Young-rags-to-mature-riches memoir by broker and motivational speaker Gardner.
Born and raised in the Milwaukee ghetto, the author pulled himself up from considerable disadvantage. He was fatherless, and his adored mother wasn’t always around; once, as a child, he spied her at a family funeral accompanied by a prison guard. When beautiful, evanescent Moms was there, Chris also had to deal with Freddie “I ain’t your goddamn daddy!” Triplett, one of the meanest stepfathers in recent literature. Chris did “the dozens” with the homies, boosted a bit and in the course of youthful adventure was raped. His heroes were Miles Davis, James Brown and Muhammad Ali. Meanwhile, at the behest of Moms, he developed a fondness for reading.
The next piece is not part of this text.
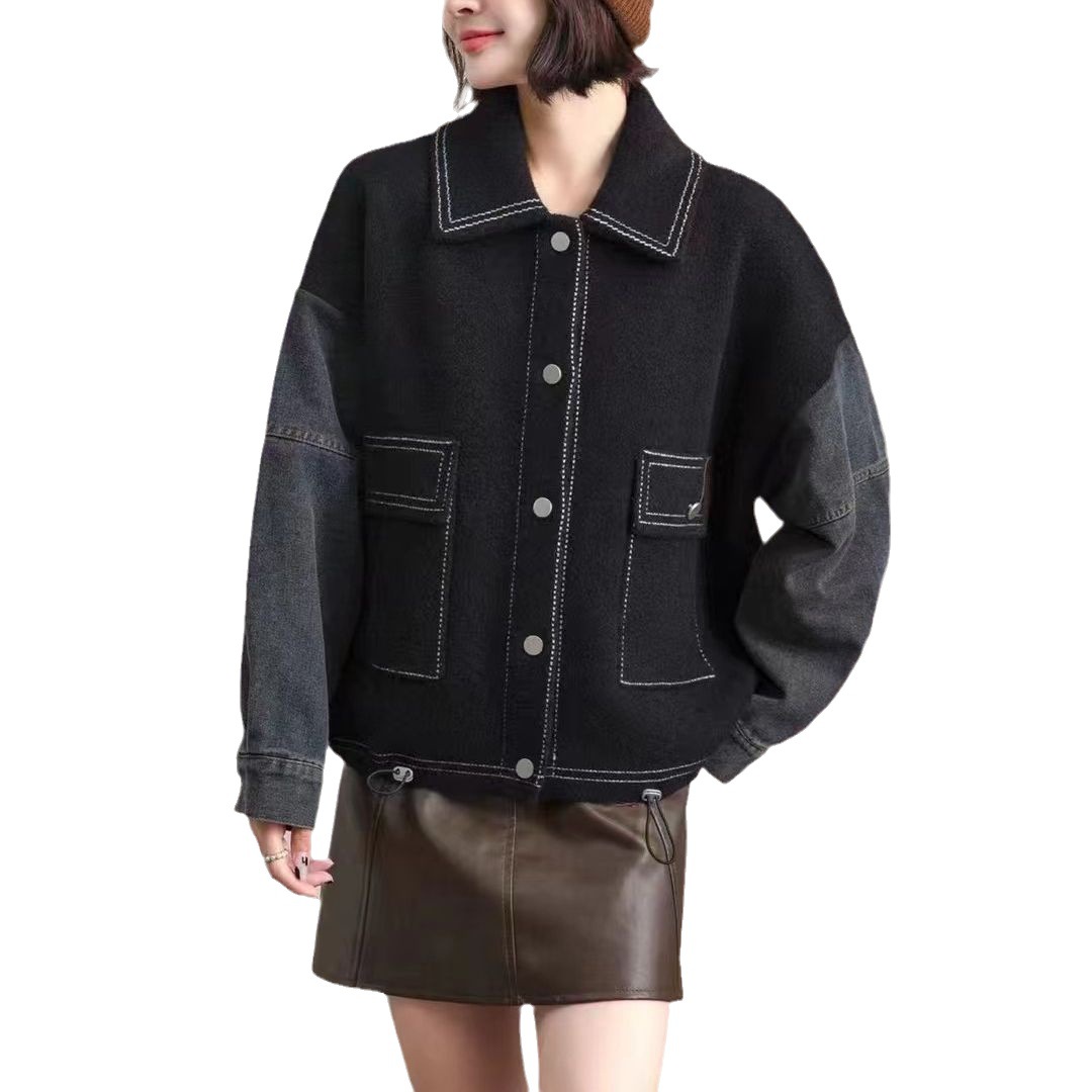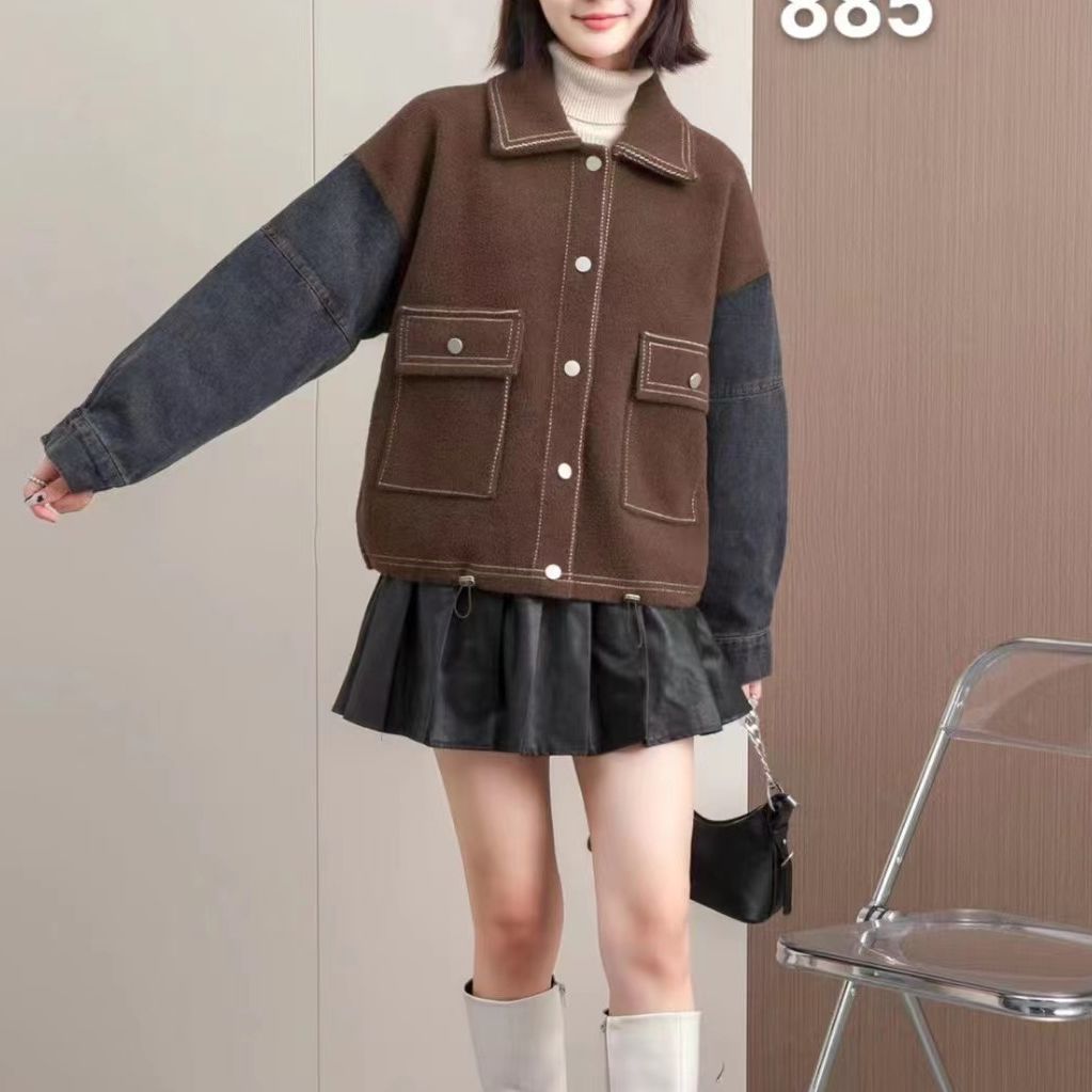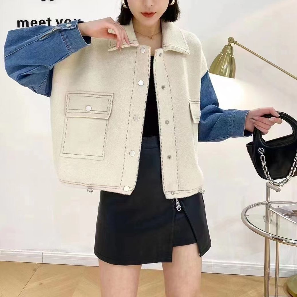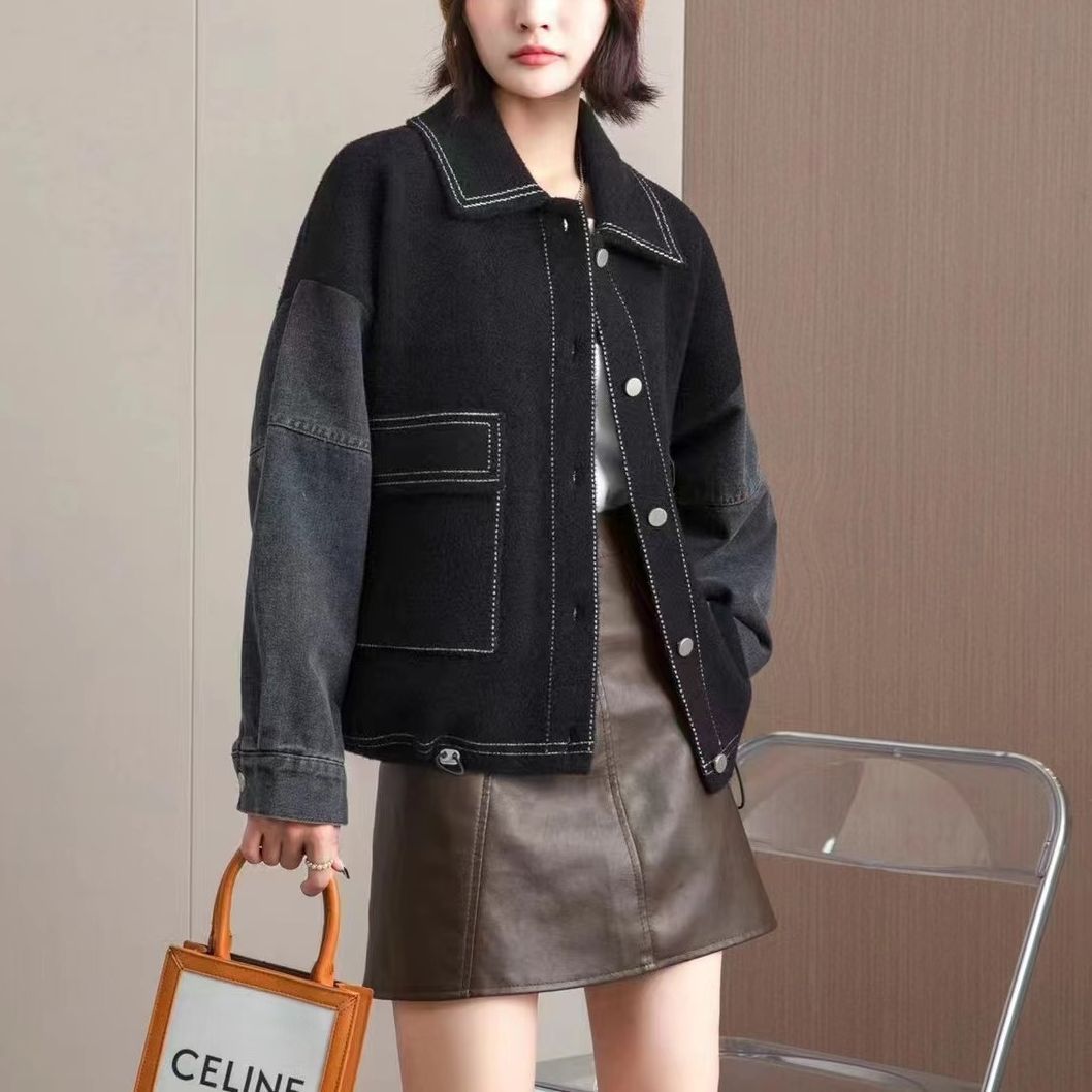 | nameOriginal | Denim Stitching Woolen Coat Women's 2024 Spring New Outfit Short Loose Knitted Cardigan Women's Fashion Top |

He joined the Navy and became a medic (preparing badass Marines for proctology), and a proficient lab technician. Moving up in San Francisco, married and then divorced, he sold medical supplies. He was recruited as a trainee at Dean Witter just around the time he became a homeless single father. All his belongings in a shopping cart, Gardner sometimes slept with his young son at the office (apparently undiscovered by the night cleaning crew). The two also frequently bedded down in a public restroom. After Gardner’s talents were finally appreciated by the firm of Bear Stearns, his American Dream became real. He got the cool duds, hot car and fine ladies so coveted from afar back in the day. He even had a meeting with Nelson Mandela. Through it all, he remained a prideful parent. His own no-daddy blues are gone now.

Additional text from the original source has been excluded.